Even those figures could be off, because as the legislative analysis explained, “there is tremendous uncertainty in how such a system would be developed, how the transition to the new system would occur and how participants in the new system would behave.”

But rather than provide the sort of thorough vetting such a massive overhaul demands, the bill’s authors instead pushed for a vote on a half-baked proposal. “There’s no funding mechanism within this bill because we want to further study and ensure that this becomes a program that is viable,” Lara told colleagues on the Senate floor, seemingly unaware of the implications of what he had just said.

The absence of a complete proposal led many lawmakers who are otherwise sympathetic to its aims to either vote against it or abstain.

“Rather than rushing to pass it before it’s complete, we should keep it here and finish the work,” said Sen. Steve Glazer, D-Contra Costa, who voted against the bill.

Putting it more bluntly was Sen.
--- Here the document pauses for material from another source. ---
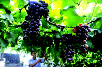 葡萄的成熟期正值本地的汛期,栽植葡萄10多年的许建一直在试验葡萄避雨设施。在他的葡萄园里,每个葡萄藤架上都罩着塑料薄膜,少见腐坏裂果的葡萄。“这是很简易的竹木结构,架好支架撑上薄膜,简单但挺有效。”许建说,经过五六年的实验他发现,遮盖上薄膜可以有效减少霜露,减轻降雨影响。“叶片上附着的霜露、雨水少,病虫害相应就少很多,可以少打七八次农药,虽然现在协会控制使用的都是无公害农药,但是使用越少葡萄肯定越好。”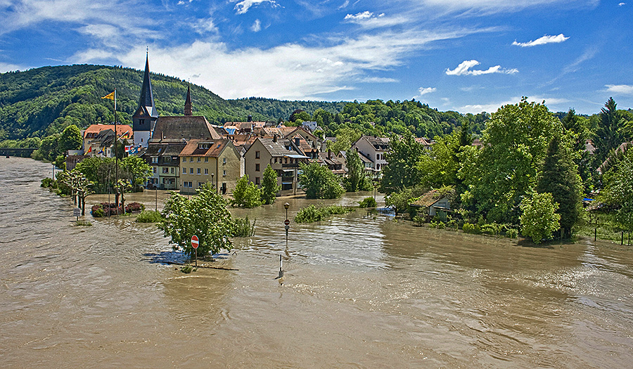 Die Auswirkungen des Klimawandels auf Flusshochwasser sind weniger eindeutig. Hier kommt es auf das Zusammenspiel von Starkniederschlag und Wassergehalt im Einzugsgebiet (z.B. im Boden und Grundwasser) an. Außerdem spielen in Gebirgsregionen die Auswirkungen des Klimawandels auf Schneefall und Schneeschmelze eine Rolle. Insgesamt werden wir aber öfter als bisher in eine Situation kommen, in der die bisherigen Schutzmaßnahmen überlastet sind.

Ben Hueso, D-San Diego, who, despite supporting the concept of single-payer health care, refused to support the bill. “This is the Senate kicking the can down the road to the Assembly and asking the Assembly to fill in all of the blanks,” he said.

Whatever the merits of single-payer health care in the abstract, what the Senate voted on was a proposal lacking critical details without which a responsible vote in favor is impossible. The prospect of an unvetted bill with hundreds of billions of dollars in proposed annual costs becomes even less sensible in light of the state’s inability to balance the budget it already has.

“Nearly $250 billion this state is upside down according to its own audited financial statements,” said Sen. John Moorlach, R-Costa Mesa, citing the state’s massive debts and unfunded liabilities. “So now we want to take on single-payer health care, which has big numbers too.”

As Sen. Jeff Stone, R-Temecula, pointed out, California is already the highest-taxed state in the country. What SB 562 guarantees is the placing of greater burdens on taxpayers, employers and medical professionals. “If you want California to be competitive in the job market, which is very challenging these days, you’ll vote no on this bill,” Stone said.

Rather than voting down a clearly deficient bill, the Senate voted 23-14 in favor of it. This is not how a responsible government operates. This is a glorified political stunt which, if it proceeds with the same thoughtlessness shown to date, could do real harm to the state of California.